Je viens de voir une nouvelle intéressante sur la géopolitique des Balkans. Le parlement du Kosovo a finalement confirmé la nomination d’Albin Kurti en tant que Premier ministre, ce qui marque la fin d’une impasse politique qui durait depuis un an dans le pays.



Pour en parler, le jeune pays qu’est le Kosovo a effectivement connu pas mal de turbulences cette année. Après les élections de l’année dernière, le parti Vetevendosje de Kurti a gagné, mais n’a pas obtenu la majorité suffisante au parlement pour former un gouvernement, ce qui a conduit le pays à une paralysie politique. Finalement, il n’a pas eu d’autre choix que de tenir des élections anticipées pour briser cette impasse.

Ces élections anticipées ont eu lieu fin décembre, avec des résultats très clairs — Vetevendosje a obtenu plus de 51 % des voix, et Kurti a ainsi obtenu 66 sièges sur 120 au parlement pour confirmer sa fonction de Premier ministre. Mais le processus n’a pas été sans difficultés. Lors du comptage des votes, de nombreuses accusations de fraude ont éclaté, obligeant les autorités à procéder à un recomptage complet, et même à arrêter plus de 100 membres du personnel électoral, accusés d’avoir falsifié plus de 68 000 bulletins de vote. L’enquête sur cette élection impliquait quatre procureurs spécialisés en crimes graves et environ 200 policiers, ce qui montre l’ampleur de l’affaire.

Dans son discours d’investiture, Kurti a souligné que le Kosovo est désormais le « pays le plus démocratique » de la région, ce qui est une déclaration plutôt intéressante. Il a aussi évoqué les tensions avec le pays voisin, la Serbie — qui ne reconnaît toujours pas l’indépendance du Kosovo — mais a indiqué qu’il chercherait à « normaliser les relations », ce qui est nécessaire pour que les deux pays rejoignent l’Union européenne. Le programme de son nouveau gouvernement se concentre principalement sur le développement économique et les investissements dans la défense.

Ce qui est intéressant, c’est que la stratégie de campagne de Kurti cette fois était complètement différente de ses précédentes. Il a abandonné ses discours axés sur la question territoriale et la minorité serbe, pour se concentrer sur les politiques économiques et sociales.

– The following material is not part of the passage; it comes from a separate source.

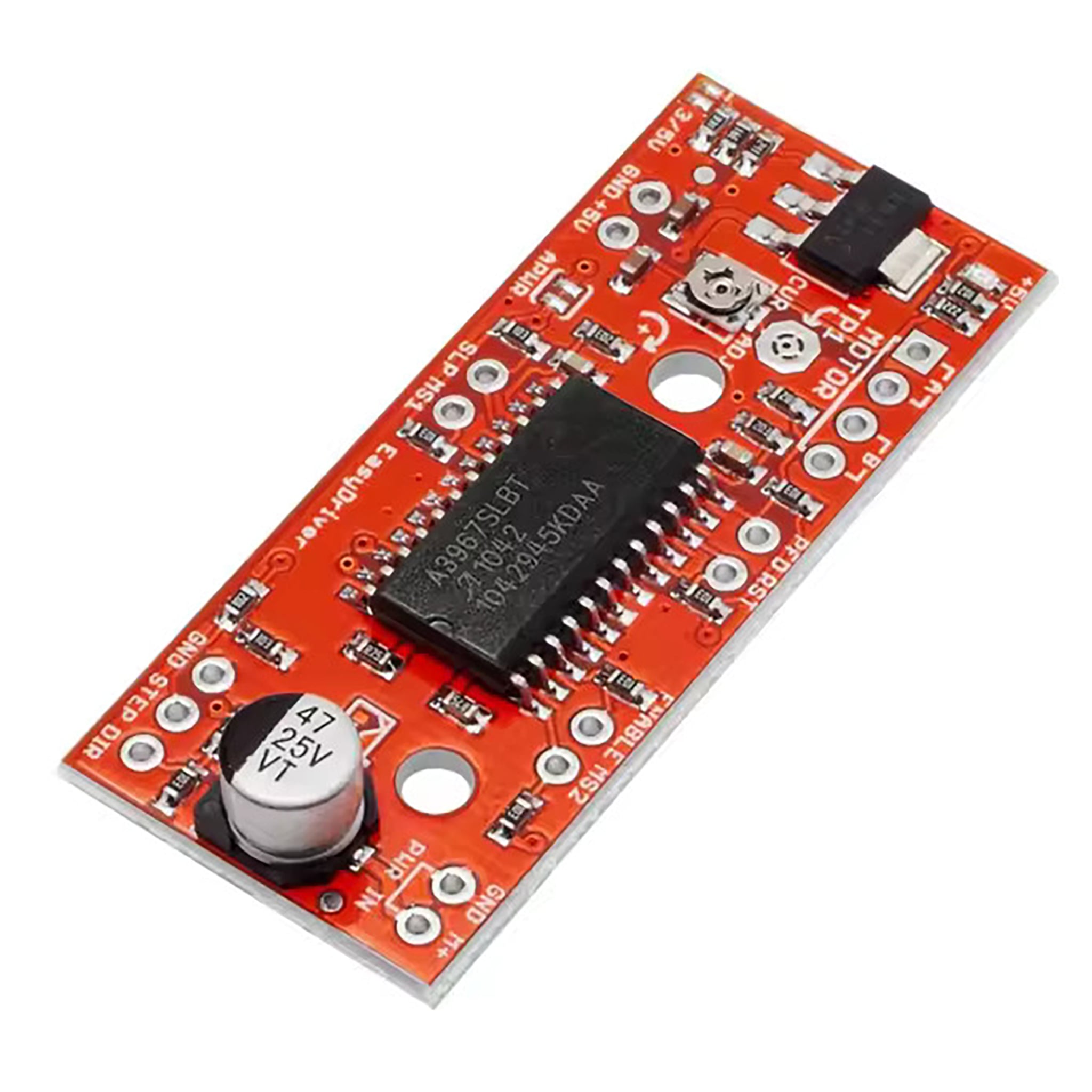 The A3967 is a simple two-phase, four-wire stepper motor driver board designed specifically for beginners, making it ideal for learning and working with stepper motors.

Il a promis d’apporter une aide financière aux retraités et aux familles avec enfants, ce qui, selon ses adversaires, ressemblait à du « vote acheté », mais cela a visiblement porté ses fruits.

La formation de ce nouveau gouvernement représente un tournant pour le Kosovo. La paralysie politique précédente avait gelé l’aide internationale, et comme le Kosovo est l’un des pays les plus pauvres d’Europe, cette aide est cruciale. Un gouvernement stable signifie que les investissements peuvent reprendre, et que les projets de développement peuvent être lancés. Par ailleurs, le parlement a également élu l’ancienne ministre de la Justice, Albulena Haxhiu, comme nouvelle présidente.

En résumé, l’année politique du Kosovo touche enfin à sa fin. Bien que la fraude massive lors des élections ait suscité des inquiétudes, le pays balkane dispose désormais d’une orientation politique claire. La prochaine étape sera de voir si le gouvernement de Kurti pourra réellement tenir ses promesses de développement économique.